GIVEN MATERIAL:
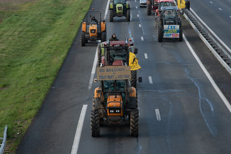 Dozens of tractors took to the road on 24 March 2023 to travel to Vanzay in the Deux Sevres to attend the weekend of mobilisation against the mega-pools. The convoy was stopped at exit 41 of the N10 by the police, before continuing its journey.
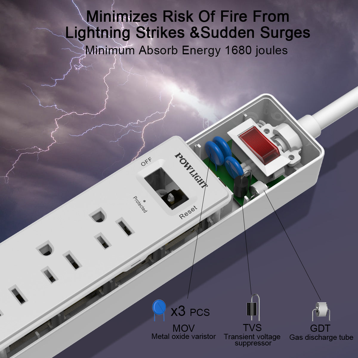 Comprehensive Safety Protection: The 1680-joule surge protector includes overload protection, short-circuit protection, over-current protection, and a flame-retardant casing. ETL certified to ensure safe and reliable use of your electronic devices.
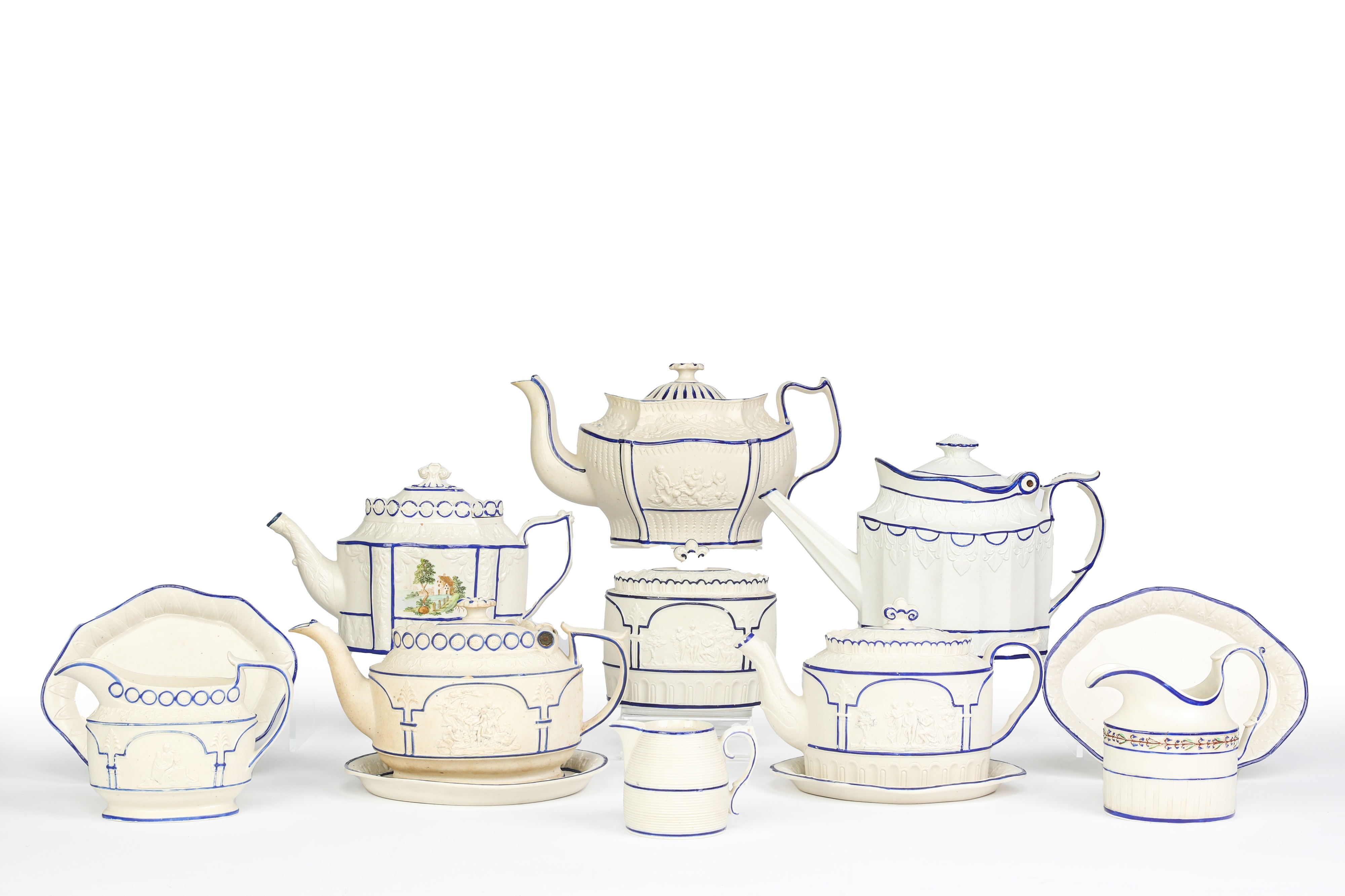 comprising: five teapots and covers, the large teapot with a hinged lid marked Heath & Son; four oval stands; a sugar basin and cover; and three jugs, decorated with classical figures, one with a pastoral landscape, others with formal borders (17)

YOUR GOAL:
Where a line contains "Comprehensive Safety Protection: The", begin there and set down exactly each line through the end of the data above, omitting any pictures.

RESULT FOR THIS TASK:
 Comprehensive Safety Protection: The 1680-joule surge protector includes overload protection, short-circuit protection, over-current protection, and a flame-retardant casing. ETL certified to ensure safe and reliable use of your electronic devices.
 comprising: five teapots and covers, the large teapot with a hinged lid marked Heath & Son; four oval stands; a sugar basin and cover; and three jugs, decorated with classical figures, one with a pastoral landscape, others with formal borders (17)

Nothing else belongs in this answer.